Christ suffering (Christus patiens), crowned with thorns and recently brought down from the Cross, emerges from a marble tomb to display the bleeding wounds on his hands and ribcage. Behind him, two mournful angels hold the Cross and the three nails. The instruments of his Passion are neatly laid out all around, the hammer and tongs resting on the tomb, while standing out against the black background we see, from left to right, the lance that the Roman soldier Longinus used to pierce Christ’s ribs, the rod with a sponge soaked in vinegar offered to the Saviour in mockery shortly before his death, and the column of the flagellation.
We know of another two versions of this subject painted by Biagio d’Antonio, one in Faenza Cathedral and the other in Paris, the Paris version probably being the earliest in the series. The paintings differ only in a few minor variants and we cannot rule out the possibility that the artist may have used the same cartoon for some of the figures.
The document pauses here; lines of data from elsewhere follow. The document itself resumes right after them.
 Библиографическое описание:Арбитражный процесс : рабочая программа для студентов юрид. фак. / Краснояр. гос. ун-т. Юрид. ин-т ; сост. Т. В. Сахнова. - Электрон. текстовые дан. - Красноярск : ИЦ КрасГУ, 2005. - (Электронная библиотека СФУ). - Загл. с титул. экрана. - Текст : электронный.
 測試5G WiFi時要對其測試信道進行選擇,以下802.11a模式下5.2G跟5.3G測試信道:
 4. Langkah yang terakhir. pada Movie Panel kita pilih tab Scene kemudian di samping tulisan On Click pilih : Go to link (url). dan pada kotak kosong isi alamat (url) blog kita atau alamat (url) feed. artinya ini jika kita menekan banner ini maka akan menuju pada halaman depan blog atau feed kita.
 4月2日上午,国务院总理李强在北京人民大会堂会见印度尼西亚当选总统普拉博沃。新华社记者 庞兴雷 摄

A document dated 1488 records a payment to Biagio d’Antonio for a “Pietà” (Christ the Man of Sorrows) painted for the Chapel of St. Paul in the Dominican church of Sant’Andrea in Faenza. For a long time, scholars associated the document with the Pinacoteca’s picture, but as Sauro Casadei has pointed out (in Bartoli, 1999), it should in fact be associated with the picture now on display in the Cathedral after hanging for a long time in its sacristy, because we know that Faenza Cathedral inherited quite a few of Sant’Andrea’s church furnishings. The Christus Patiens in the Pinacoteca, on the other hand, is more likely to have been painted for the venue in which it hung before joining the civic collections in 1879, namely the Banco del Monte di Faenza, an institute founded in 1491 whose emblem was precisely Christ suffering.
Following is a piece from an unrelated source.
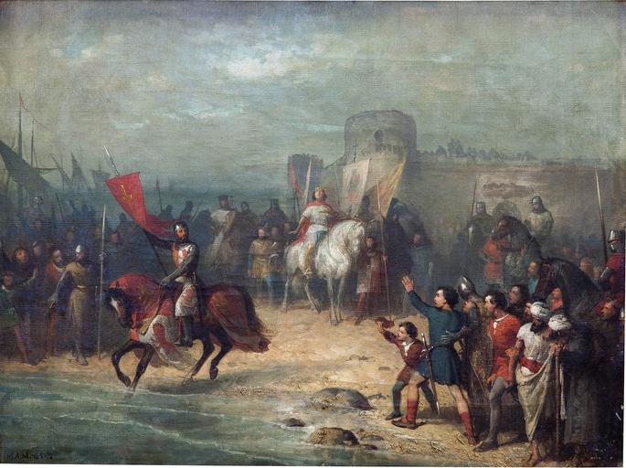 | Keywords: Toma de posesión de las aguas de Cádiz por Alfonso X de Castilla (Museo de Jaén).JPG Esta obra conocida también como Santa Cruz sobre las aguas es un boceto del lienzo homónimo que se conserva en el Alcázar de Segovia y que representa al rey Alfonso X de Castilla 1221-1284 tomando posesión de las aguas de la ciudad de Cádiz que fue conquistada a los musulmanes por las tropas castellanas en 1264 ~ 1865 Oil on canvas cm 54 41 Institution Museo del Prado Depositado en el Institution Museo de Jaén https //content2 museodelprado es/imagenes/Documentos/imgsem/00/0038/00384038-e880-4256-bbb5-8979348530c6/a173ac46-5a43-47ba-b503-5fb8136ec593 jpg http //ceres mcu es/pages/Viewer accion 41 Museo AMuseo MJ Ninv DE/BA00376 txt_id_imagen 1 txt_rotar 0 txt_contraste 0 txt_zoom 10 cabecera N viewName visorZoomhttps //www museodelprado es/coleccion/obra-de-arte/santa-cruz-sobre-las-aguas-boceto/00384038-e880-4256-bbb5-8979348530c6 searchid ec69147b-1b58-95b9-29ae-dc18a07bfa3d PD-old-100 accession number P07848 other versions Alfonso X of Castile in paintings Spanish 19th-century paintings in the Museo del Prado 19th-century paintings in the Museum of Jaén Cádiz in art Ricardo Balaca |
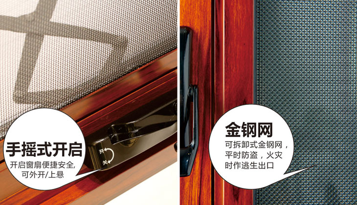 窗纱一体;金刚网可便捷拆卸 进口手摇五金件;隔纱网手摇开窗 双保险锁,节能静音

In stylistic terms, the painting reveals the influence on Biagio d’Antonio of the art of Domenico Ghirlandaio, with whom he worked on the frescoes on the side walls of the Sistine Chapel from 1481 to 1482. That influence shines through in particular in the sculptural, classicising construction of Christ’s body, but the meticulous handling of the figures’ hair and facial features still betrays the stylistic heritage of one of Biagio’s masters, Andrea del Verrocchio, while the dark background imbuing the scene with immense pathos points to Biagio’s admiration for Flemish painting, several examples of which could be admired in late 15th century Florence.
One source of inspiration to which Biagio may have turned for Jesus’s pose is a relief depicting Christ suffering, modelled by Luca della Robbia for the Federighi Tomb, now in Santa Trinita in Florence and datable to c. 1458. Yet at the same time, we should not forget that a composition portraying Christ suffering and supported by angels enjoyed considerable popularity on the Adriatic seaboard in the second half of the 15th century, the iconographical model for it being one Donatello’s reliefs for the high altar in the Basilica of St. Anthony in Padua. Biagio, however, marks a slight distance from that particular iconography by showing Christ not supported by angels but proudly upright with his gaze cast downwards, deep in thought.
19th century scholars attributed the panel to Andrea Utili or to Giovanni Battista Utili, two painters whose names recur with a certain frequency in the local 15th century archives. This erroneous attribution survived into the early 20th century, until Roberto Longhi, writing in 1934 in the wake of research conducted by Carlo Grigioni (1934), assigned the painting to Biagio d’Antonio.